A highlight of the annual fair were the 'thrill rides.' These were set up on site by the rides provider, and dismantled after the fair is over. Ride safety was monitored by the Technical Safety Standards Authority of Ontario. From 1997 to 2010, World's Finest Shows, the former Conklin Shows of Brantford, Ontario, provided rides along with Campbell Amusements and Homeniuk Amusements. Prior to 1997 Amusements of America and World of Mirth Shows provided the midway.

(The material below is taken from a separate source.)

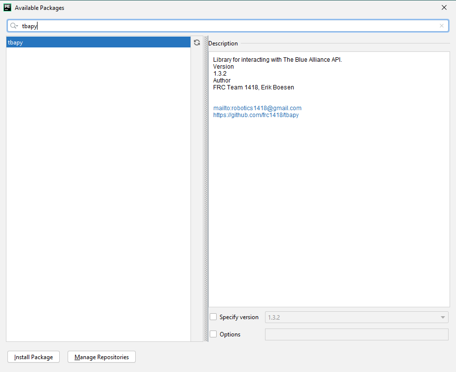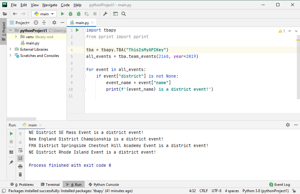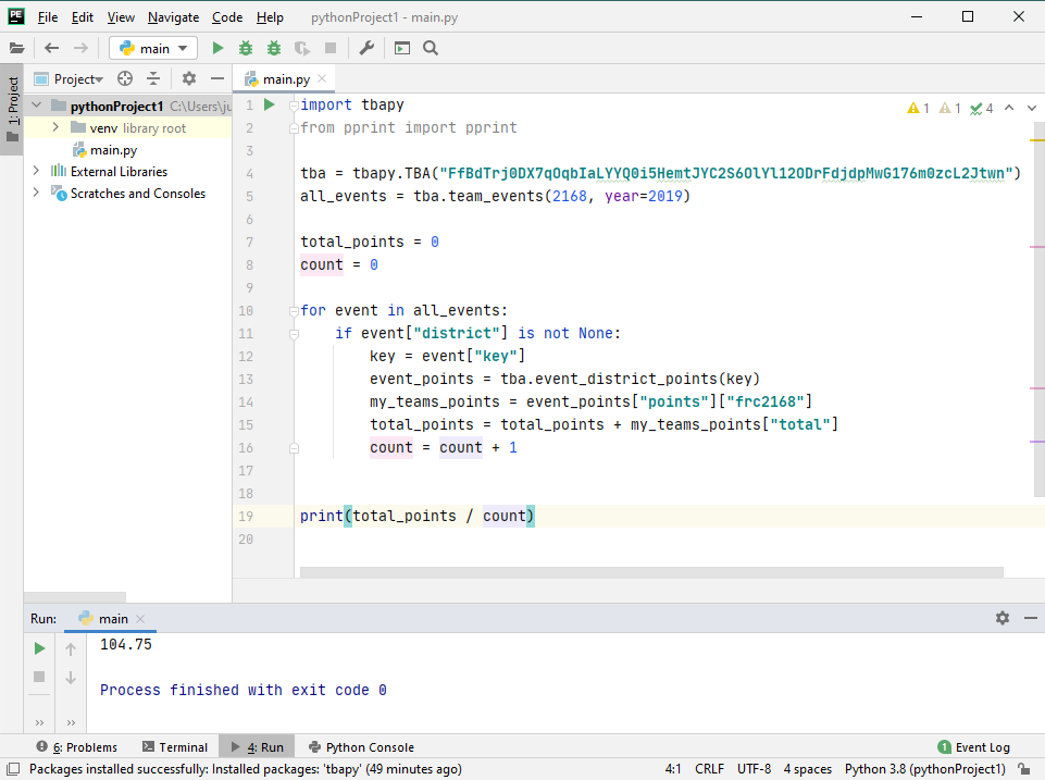 While it's possible to get data from a web API with the Python standard library, it's a lot easier with third-party libraries. My personal favorite and recommended library is tbapy. In order to install it, follow these steps:

Rides were offered since the first year of the fair.

===Accident===
In August 1998, Jerome Charron, recent graduate of École Secondaire Publique Charlebois, died in a reverse bungee ride accident at the Ottawa Exhibition when he was hurled 40 meters into the air before plummeting to his death after his harness detached. In February 2000, the firm responsible for the ride, Anderson Ventures, was fined $145,000 for this incident. Provincial inspectors had inspected the ride just 4 days before the incident and had approved it.

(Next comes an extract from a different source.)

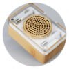 Unique Wireless Speaker Earbud Set manufactured from bamboo has a connectivity range of up to 10 metres. The Speaker will play for 15 hours of playing time from a full charge, the earbuds will play for 3 hours.
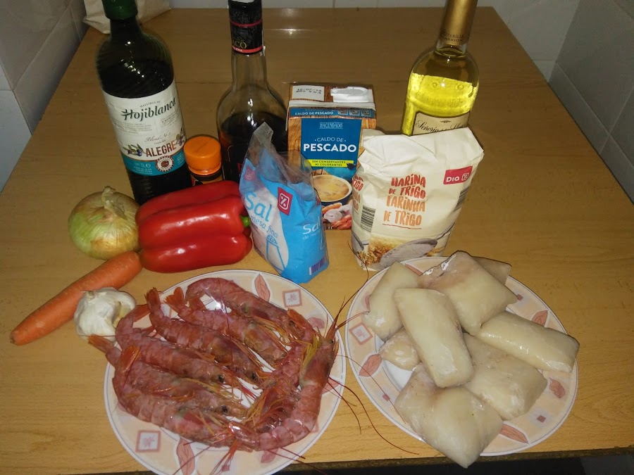 Pelamos los gambonesy reservamos las cáscaras y las cabezas. En una sartén o cacerola con un poco de aceite sofreímos las cáscaras de los gambones y sin sacarlas añadimos las verduras picaditas.

=== Ottawa Midway Magic and the Capital Fair===
While no fair or exhibits were held in 2011, 2012 and 2013, the former midway provider for SuperEx set up an annual midway of rides during the August time frame of SuperEx, called "Ottawa Midway Magic." In 2011, it was held in the parking lot at Ottawa's baseball stadium. In 2012 and 2013, it was held at grounds adjacent to Rideau Carleton Raceway. In 2014, Ottawa Midway Magic was retired and the original occupant at the Raceway, the annual 4 day Gloucester Fair moved from early June into the SuperEx's 10 day August time slot. To reflect the expansion it was renamed "the Capital Fair".

==Concerts==
The Ottawa SuperEX attracted many musical performances. Stages included the Chez Stage, the Pizza Pizza Stage, the Direct Energy Pure Country Pavilion, the Giant Tiger stage and the SUPER Stage.

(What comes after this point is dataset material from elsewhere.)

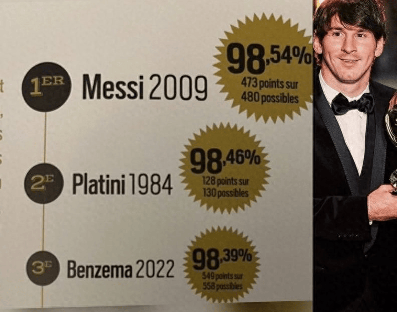 梅西2009年捧起首座金球奖时,22岁的他还不知道这只是一个传奇的开始。16年过去,当金球奖主办方公布历史得票率排行榜,那位阿根廷人依然高居榜首,98.54%的支持率,480分中豪取473分,这项数据至今无人能及。
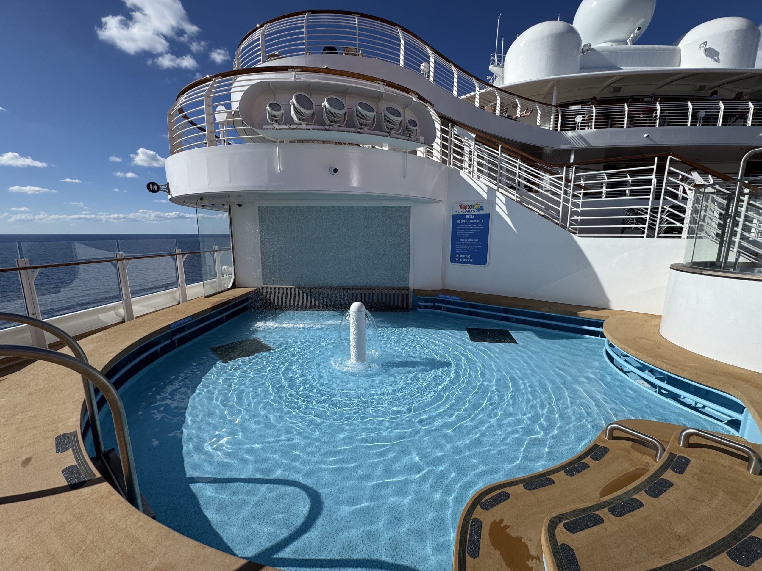 The smaller pools on elevated platforms of Deck 11, Aft are Daisy’s Pool and Pluto’s Pool.

In 2005, the Solo Mobile / Eckored tour stopped at Lansdowne Park on August 25 to perform at the Ottawa SuperEX. It featured four solo female singers: Keshia Chanté, Amanda Stott, Christine Evans and Cassie Steele. They played on the SUPER Stage at 20h, and the concert was included at no extra charge with the SuperEX admission.

Hedley, Massari and other artists performed at SuperEX in 2006. Like the Keshia Chanté concert, only an admission to SuperEX was required to attend the concert.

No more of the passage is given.